Credentials and privileges used on Linux/Unix-based computers
This Orion Platform topic applies only to the following products:
ACM — DPAIM — NAM — NOM — SAM
Agents installed on Linux/Unix-based computers can use three different credential sets to install and configure the agent. During this process, a service account is created to run the agent service.
You need sufficient privileges to be able to do the following to install and configure the agent:
- open an SSH connection remotely
- SFTP or SCP
- install software
- create a user
- create a group
Credentials are used to install and configure the agent and are not used at any other time. You may remove the credentials from the credential store once the agent is deployed.
Agent installations require a credential set that allows the user to open an SSH session from a remote computer. This can be provided as either a user name and password or as a certificate.
Verify the credentials by opening an SSH connection to the remote computer.
For Linux/Unix-based computers, you may need to include another set of credentials to use
sudo for package installation. You can add these credentials selecting the Include Credentials with Elevated Privileges.
You can use any certificate-based credential that is supported by SSH. Upload a private key file or paste the private key in PEM format.
Credentials with elevated privileges
To install the package, you need credentials with administrator or root-level privileges. Depending on your network security policies, some Linux/Unix-based computers do not allow user accounts to connect remotely and install software. If this applies to the computer you want to monitor, you can select Include Credentials with Elevated Privileges and enter credentials that have the correct privileges. Most Linux/Unix distributions require the user's password when using
sudo. Other distributions, such as SUSE, may require the root password. Depending on your Linux/Unix distribution, enter the required credential for the Include Credentials with Elevated Privileges to install the package.
When this is selected, we connect to the Linux/Unix-based computer using the provided SSH credentials and then switch users to the account with elevated privileges to install and configure the agent.
Select Include SNMP Credentials to collect SNMP data to use in Hardware Health, Asset Inventory, and SNMP component monitor information. This is required if SNMP v3 is installed. The agent software detects if you have SNMP installed on the computer and attempts to use your established SNMP credentials. No data is collected if the agent does not have the correct SNMP credentials.
Hardware Health and Asset Inventory are not supported on AIX devices.
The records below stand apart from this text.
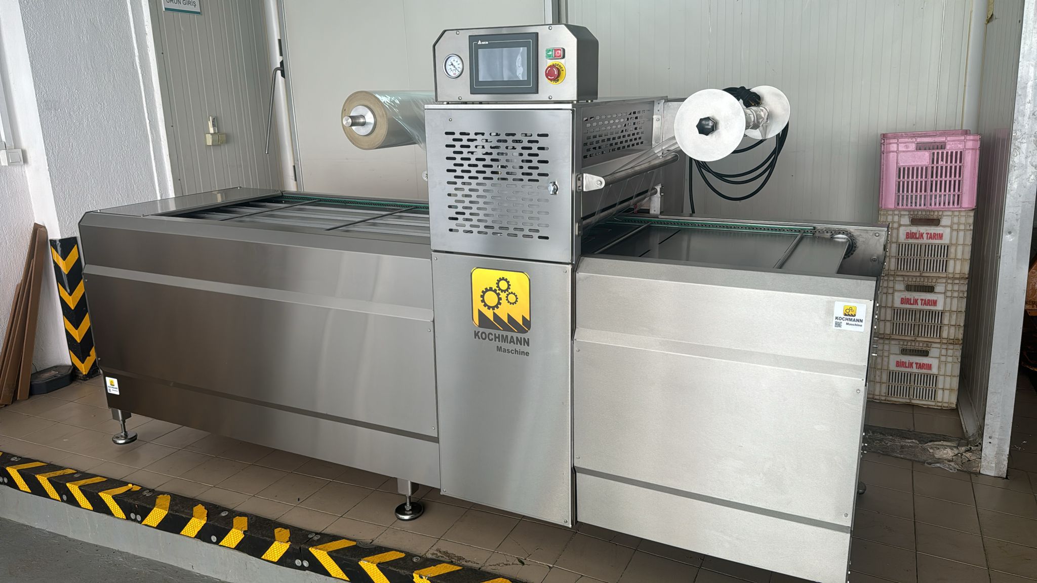 Konveyör Sistemi: Paketlenen ürünleri makine içinde taşıyan zincirli konveyör sistemi mevcuttur.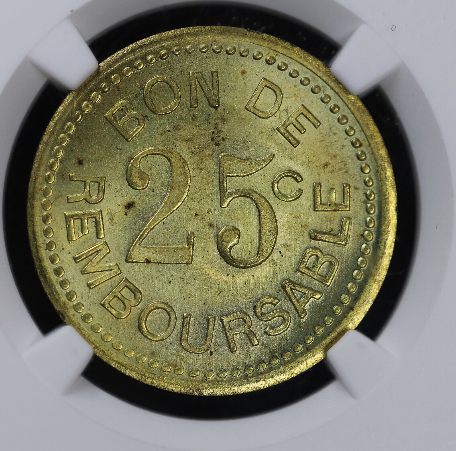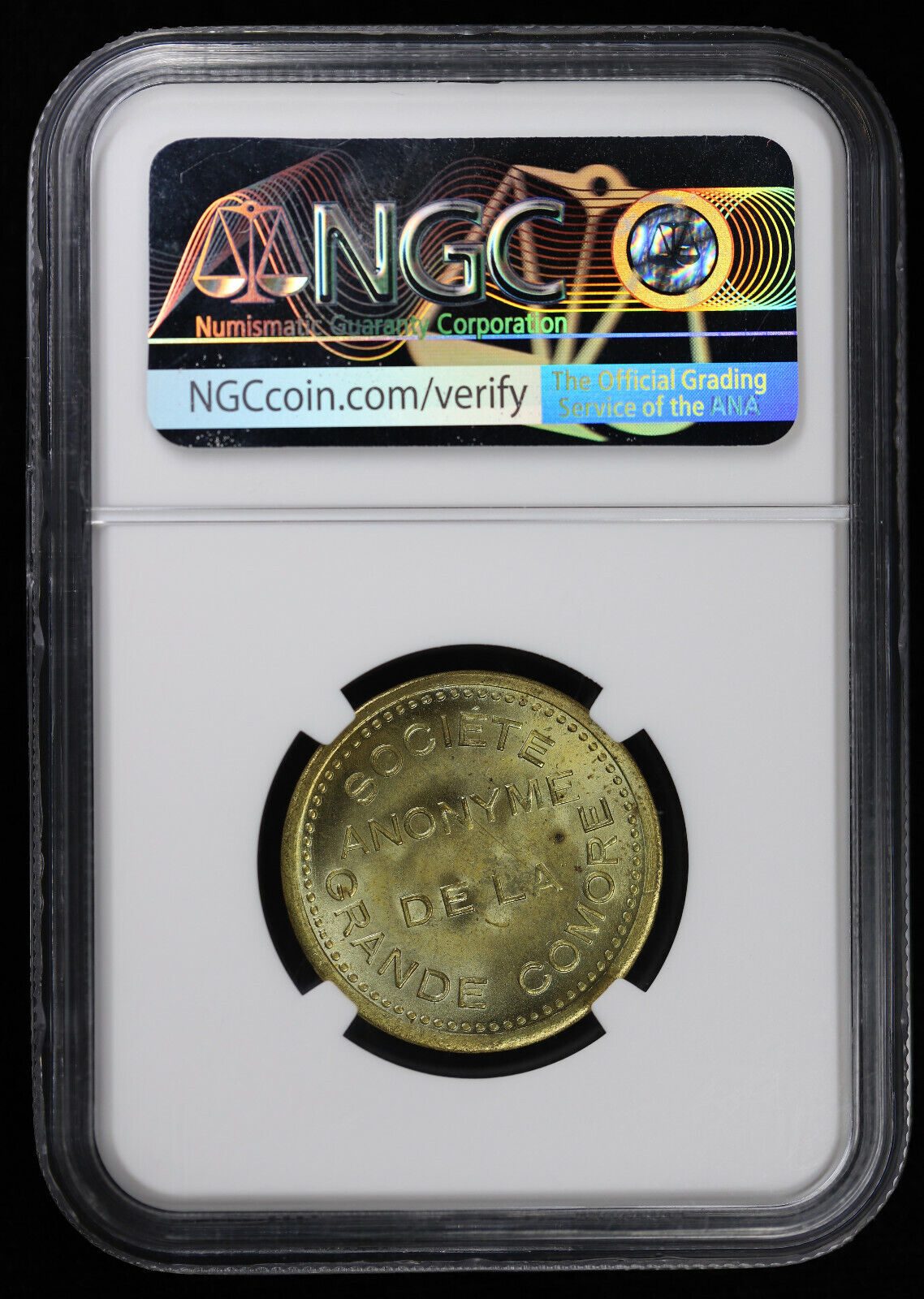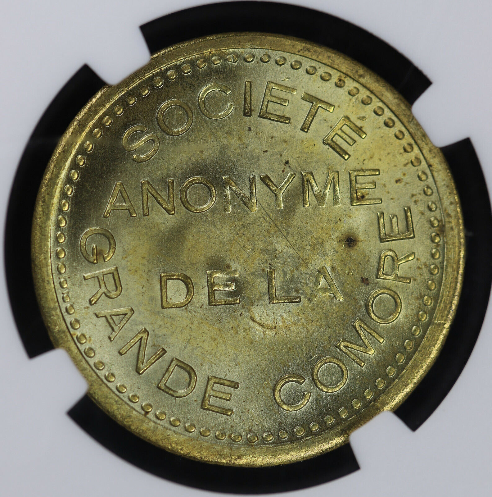 (1922) 25C Comoros Société Anonyme Brass 25 Centimes NGC MS 64 | KM-TN1A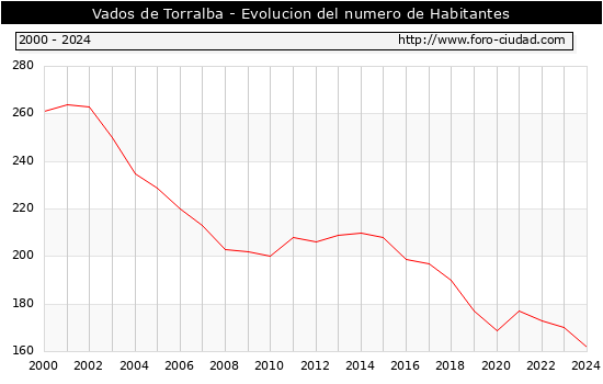 el numero de habitantes en Vados de Torralba era de 162, 8 habitantes menos que el en el año 2023. En el grafico siguiente se puede ver cuantos habitantes tiene Vados de Torralba a lo largo de los años.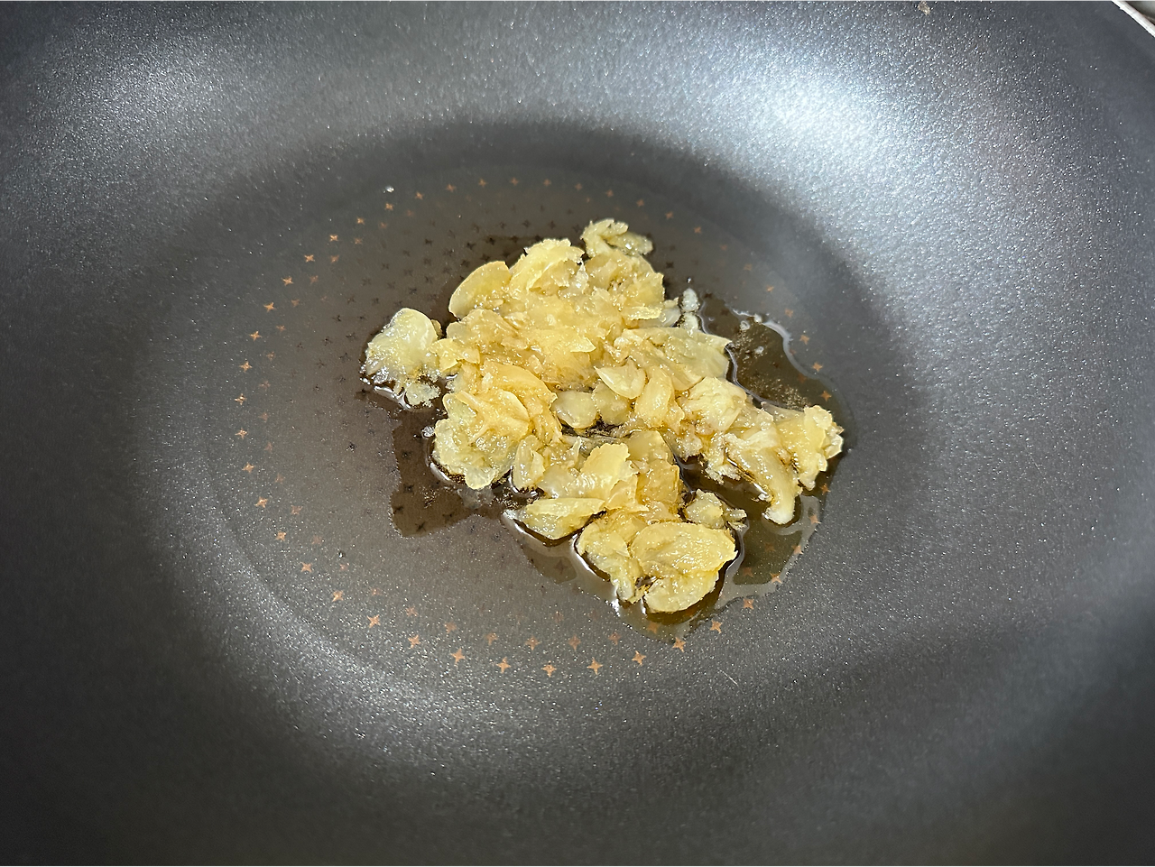 그릇에 넣기 전에 한 입. 크으 감칠맛, 바삭함. 얼른 그릇에 담고 팬을 한번 닦아낸다. 바쁘게, 마늘을 다지고 기름을- 음...호박새우볶음이므로, 들기름!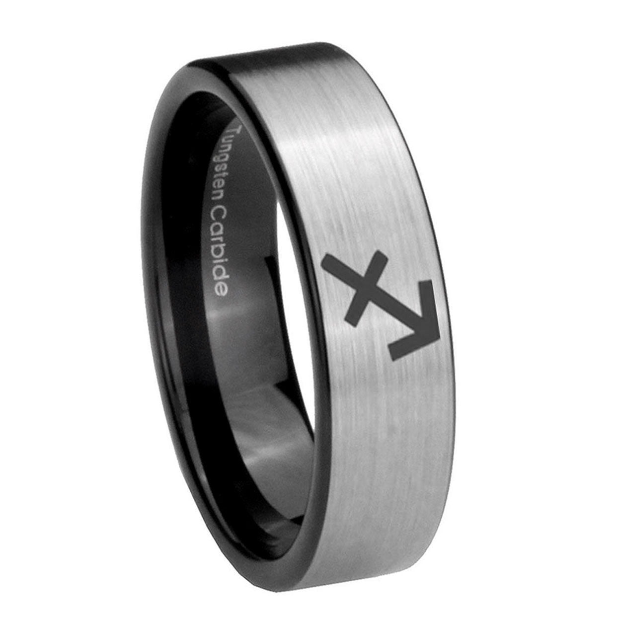 Intruding 6, 8mm Sagittarius Zodiac Pipe Cut Brushed Silver Tungsten Personalized Ring . Offer in both 6mm and 8mm band width brushed silver and black plated finished from size 5 to 14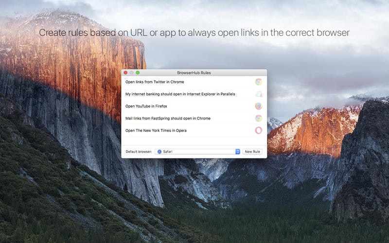 I use multiple browsers for multiple different purposes. It is annoying to switch between them. With this app you don't have to do that anymore. For example say you like using @ProductHunt on Chrome, with BrowserHub if you open a link to PH it'll automatically open in Chrome even if safari is your default browser.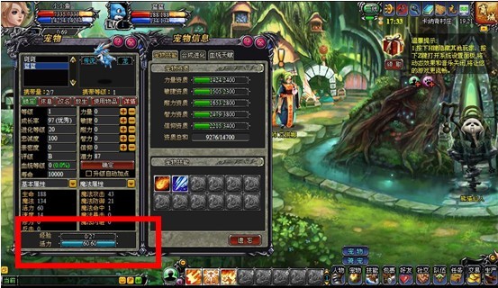 宠物的活力值关乎着宠物参加的战斗次数,以及宠物的技能使用和合成,战斗结束或者使用技能和合成后会消耗一定的活力。宠物活力值的初始上限值为60点,每升一级上限值会提高1点。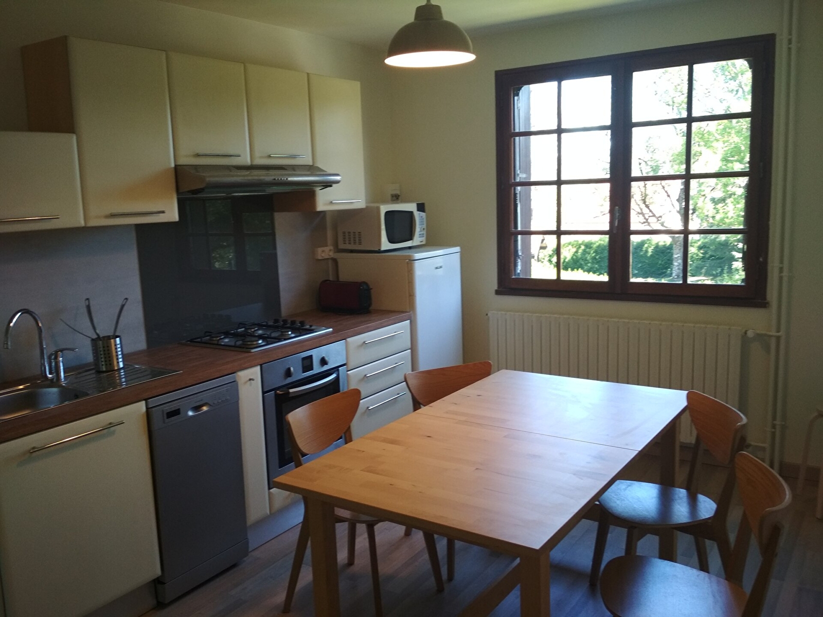 Une cuisine bien équipée avec four, micro onde, lave vaisselle, réfrigérateur/ congélateur, plaque gaz et hotte. Table modulable.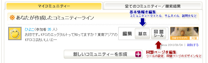 「同盟シール」の編集は、そのコミュニティーの管理人じゃないとできません。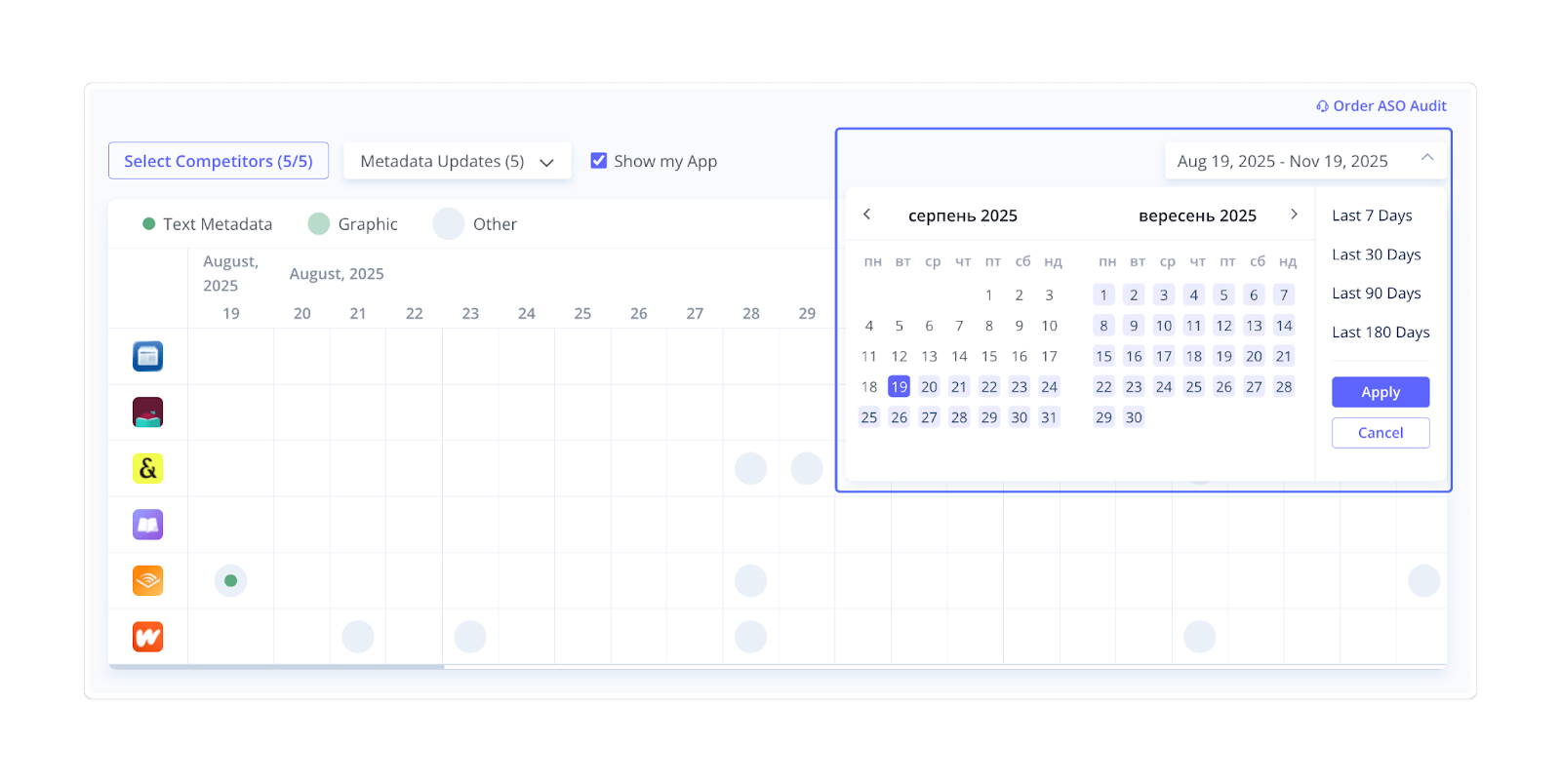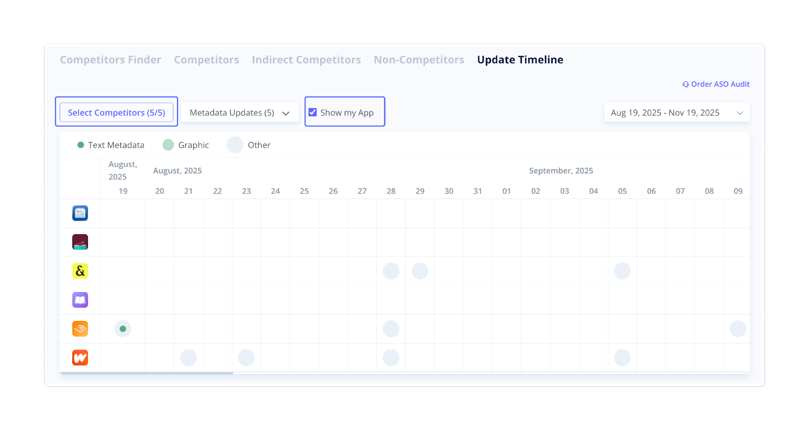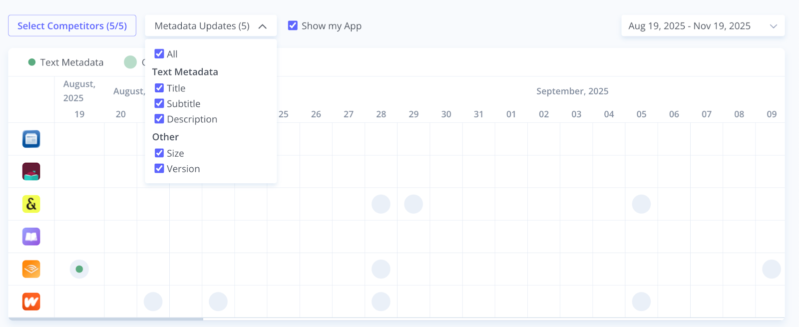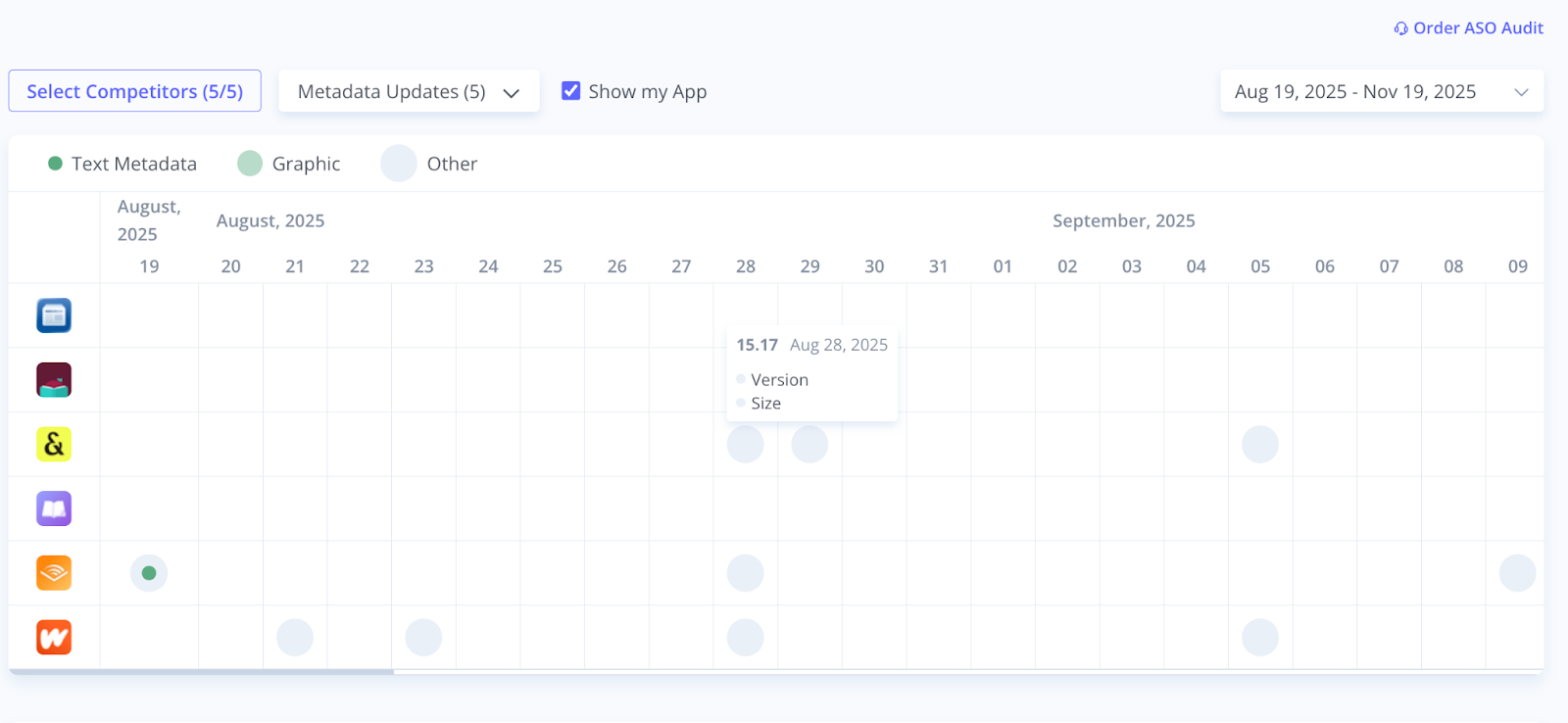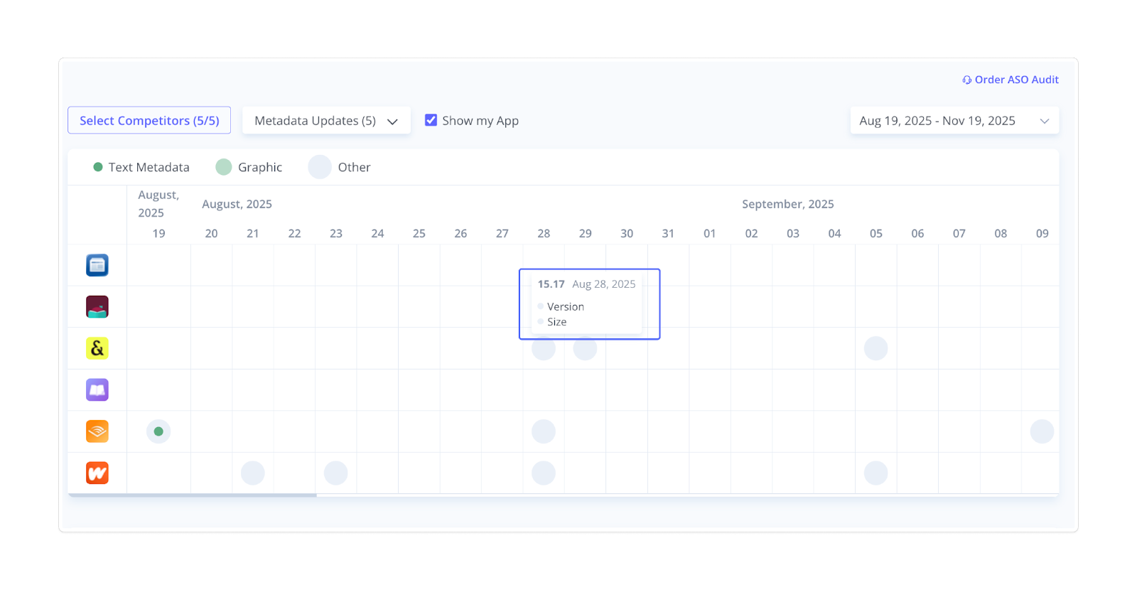 The Update Timeline tool shows how your and your competitors' apps have evolved over time. It collects upgrade history and optimization changes to help you understand what developers modified in the product or on its app store page.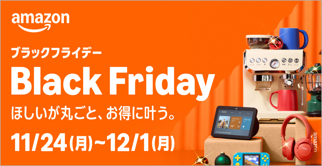 Amazonは、毎年恒例のビッグセールブラックフライデーを、今年は11月24日(月)から12月1日(月)まで開催します。今年のAmazonブラックフライデーでは、「ほしいが丸ごと、お得に叶う。」を…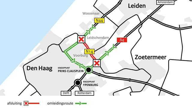 De werkzaamheden vinden plaats in de Sijtwendetunnels (Spoortunnel, Parktunnel en Vliettunnel) in het weekend van vrijdag 19 juni 21.00 uur tot maandag 22 juni 05.00 uur en vinden plaats in de nacht van vrijdag 3 juli 21.00 uur tot zaterdag 4 juli 05.00 uur. Het verkeer wordt in beide richtingen omgeleid via de autoweg N44, snelweg A12 en snelweg A4. De informatiepanelen boven en langs de weg geven de omleidingsroute aan. Weggebruikers moeten tijdens de werkzaamheden rekening houden met een extra reistijd van 5 tot 10 minuten.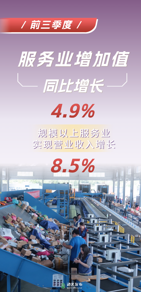 前三季度,服务业增加值同比增长4.9%。分行业看,交通运输、仓储和邮政业,金融业,营利性服务业增加值分别增长7.5%、6.5%和5.6%。规模以上服务业实现营业收入10.33亿元,增长8.5%。

Service account privileges
When the agent software is installed, we create a service account (
SWIAgent), and add it to its own group.
This account does not have remote access privileges and cannot be used to log in to the computer.
The service account is used to run the
swiagentd service. When updating the agent, a second service runs (
swiagentd.update) for the duration of the update.
The service account and group are removed when the agent is deleted from the node.
For SAM users, if you do not enter credentials or select Inherit from node, the monitor executes the script under the agent credentials (SWIAgent). These credentials may not have the elevated permissions required for executing scripts.